Even bullies can have a change of heart.

When it comes to obesity drugs, there's really no better way to describe the Food and Drug Administration recently than as a bully. Over the course of four months, the agency tormented obesity-drug makers with three separate rejections -- VIVUS' (Nasdaq: VVUS) Qnexa, Arena Pharmaceuticals' (Nasdaq: ARNA) lorcaserin, and Orexigen's (Nasdaq: OREX) Contrave -- and pulled a fourth -- Abbott Labs' (NYSE: ABT) Merida --- off the market. Then the agency bullied the rejected biotechs a little more, increasing the list of things they had to do to get their drugs approved, which includes conducting unrealistic clinical trials.

But the agency seems to be having a change of heart. Rather than treat obesity treatments as lifestyle drugs that need a perfect bill of health on the safety side to gain approval, the agency seems to be acting somewhat reasonably -- at least according to the companies.

Last week, VIVUS said it had reached an agreement with the FDA to allow it to apply for approval in just men and women without child-bearing potential while it waits for data on whether the drug adversely affects fetuses.
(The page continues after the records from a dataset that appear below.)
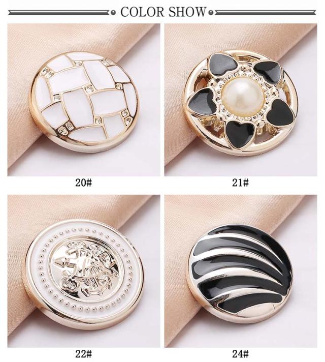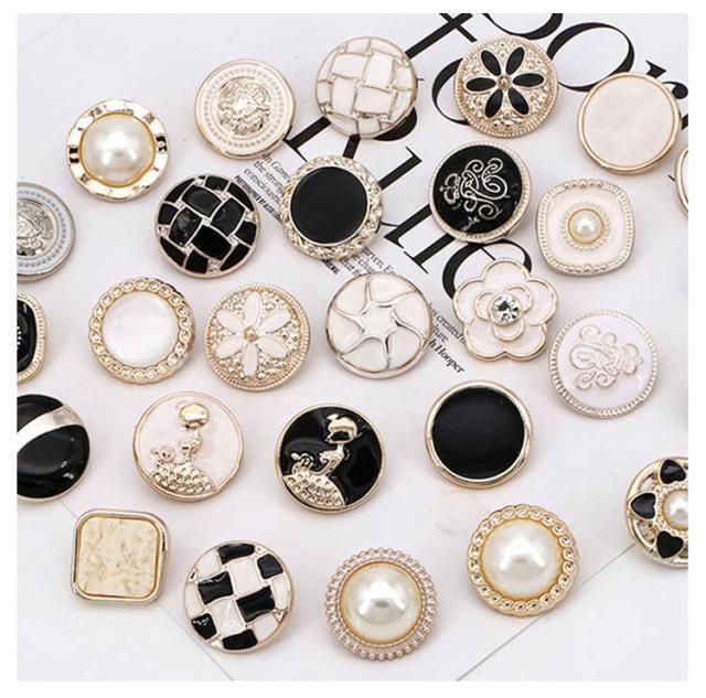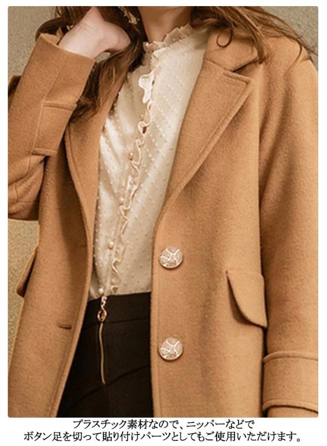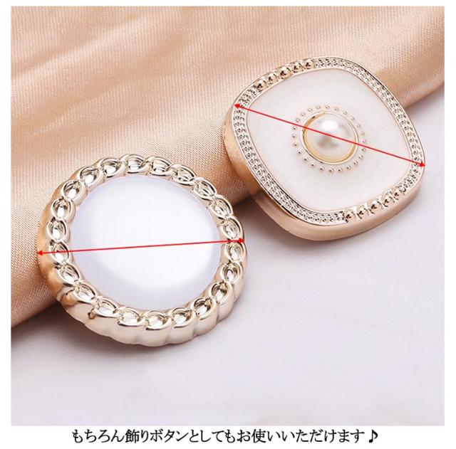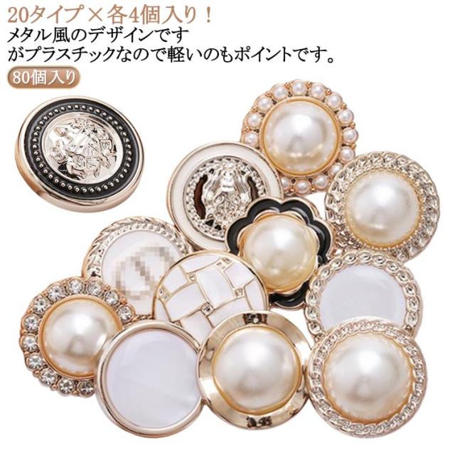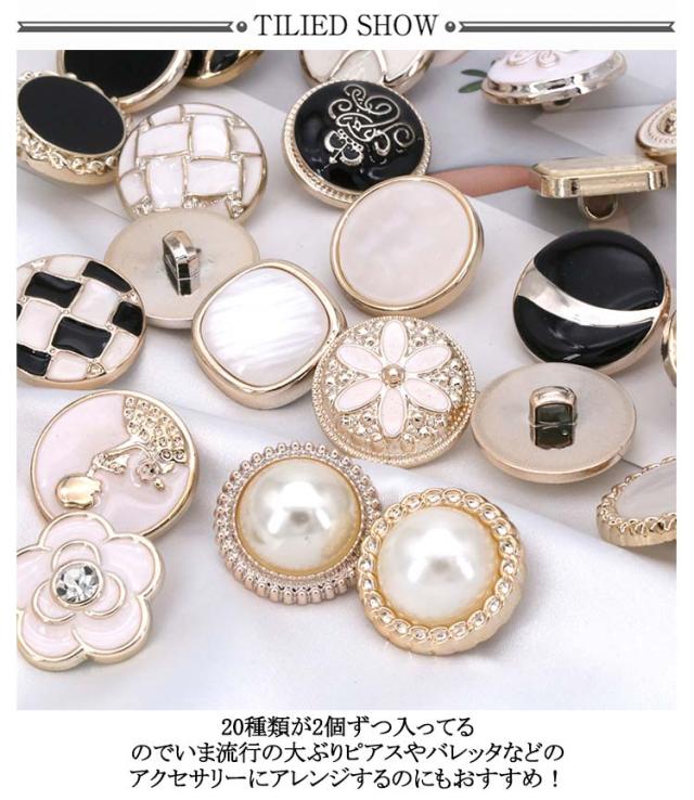 | 20タイプ×各4個入り! メタル風のデザインですがプラスチックなので軽いのもポイントです。 20種類が2個ずつ入ってるのでいま流行の大ぶりピアスやバレッタなどのアクセサリーにアレンジするのにもおすすめ! もちろん飾りボタンとしてもお使いいただけます♪ プラスチック素材なので、ニッパーなどでボタン足を切って貼り付けパーツとしてもご使用いただけます。 | |
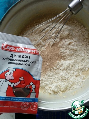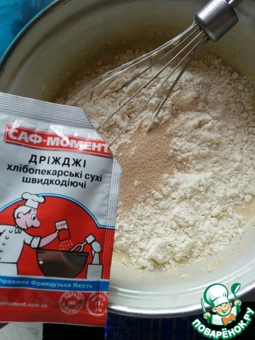После добавляем пшеничную муку и сухие дрожжи "Саф-момент".
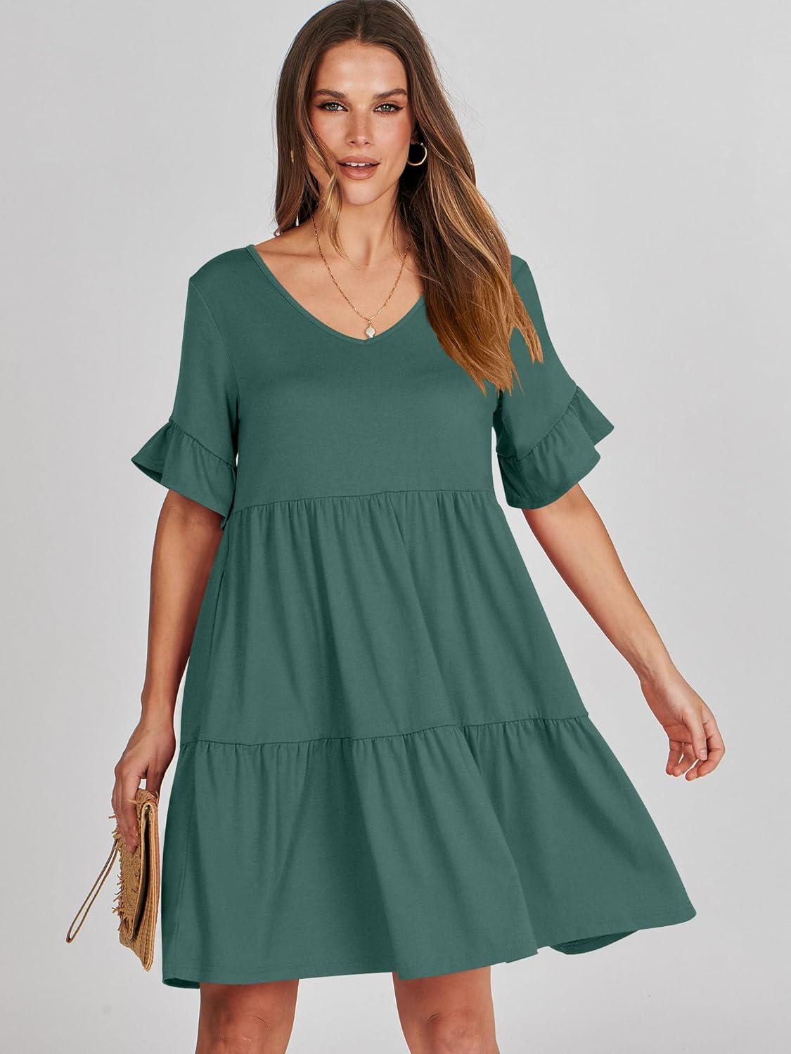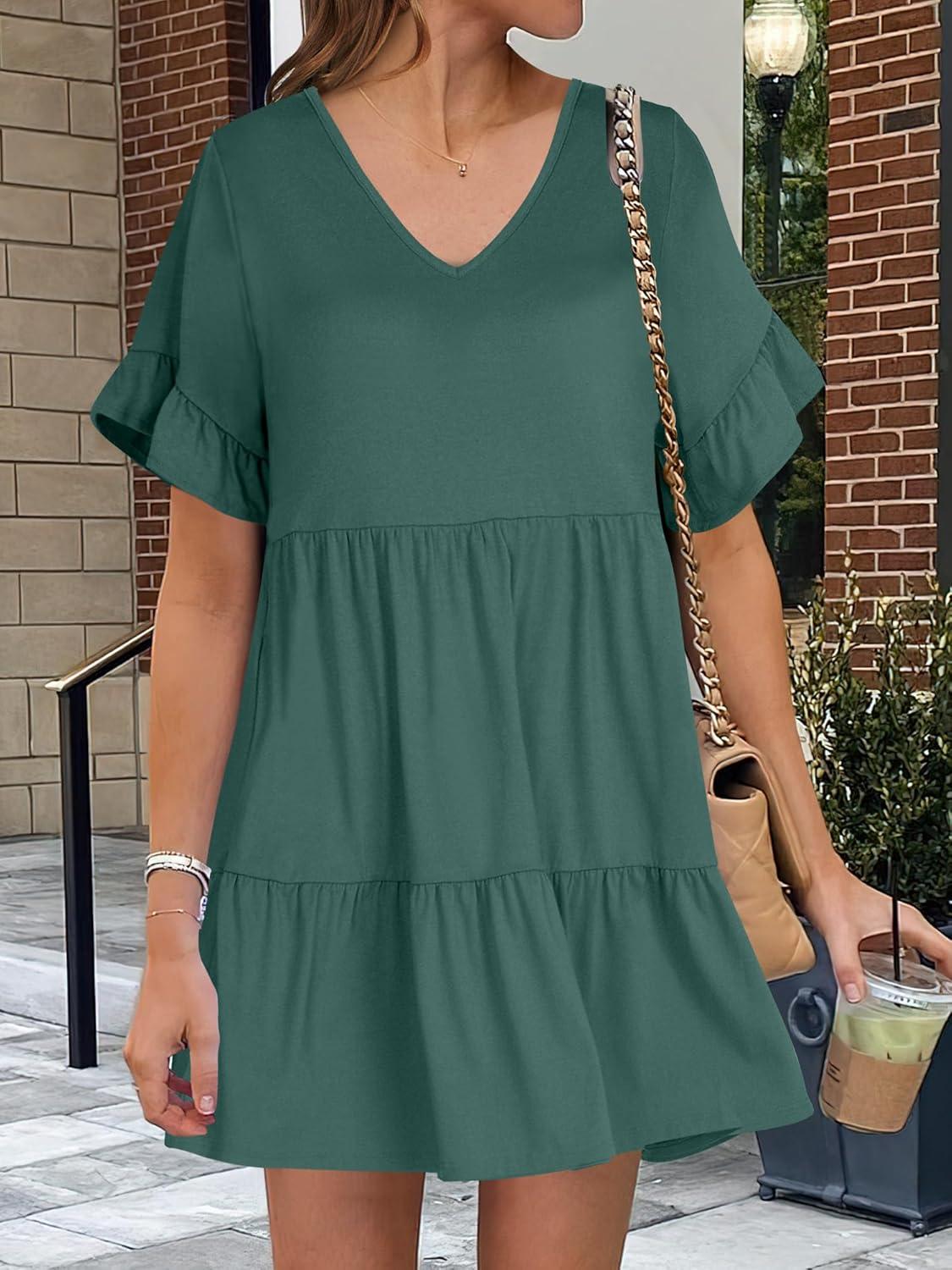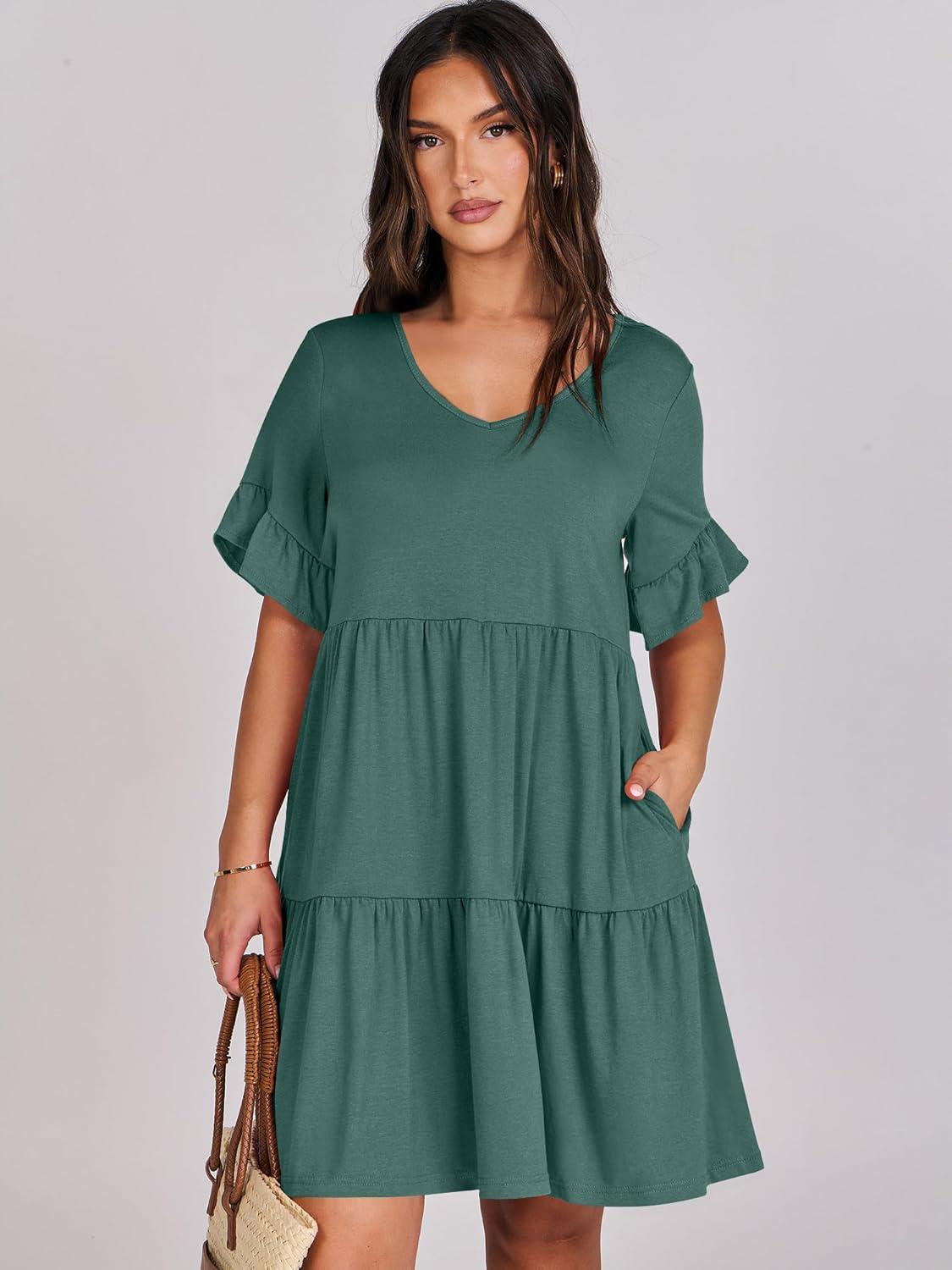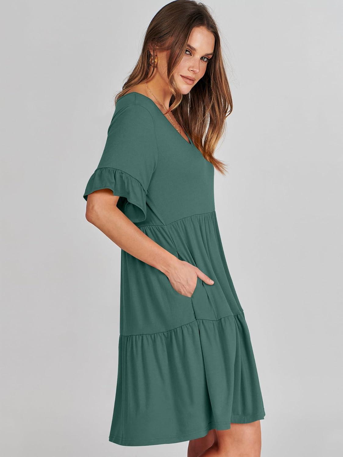 ANRABESS Dresses for Women Summer 2025 V Neck Ruffle Sleeve A Line Tiered Flowy Casual Trendy Mini Beach Dress with Pockets(Green)
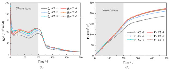 Gas production characteristics for the dual horizontal well system combined with heat injection: (a) Gas production rate; (b) Cumulative gas production.

And then yesterday Orexigen said the agency has agreed to a much smaller clinical trial than the 60,000-to-100,000-patient trial the agency had originally asked for. The new trial design will require less than 10,000 patients and could read out in less than two years.

So where does this leave VIVUS, Arena, and Orexigen? While prospects for approval are looking better than they were a few weeks ago, investors certainly aren't convinced that the chance of an FDA approval is as high as it was before the rejections.

Company

2010 High

Opening Price Today

Decrease

VIVUS

$13.68

$8.80

(36%)

Arena Pharmaceuticals

$8.00

$1.57

(80%)

Orexigen

$11.15

$2.55

(77%)

Source: Yahoo! Finance.

That seems about right to me; VIVUS isn't as dependent on Qnexa since it also has an erectile dysfunction drug in the works. There's just not that much to get excited about here. Obesity drugs are still relative long shots being developed by companies that may have to raise more cash between now and an approval.

The bully may have seen the light of day, but its targets are still stuck in a locker with their shorts pulled over their heads.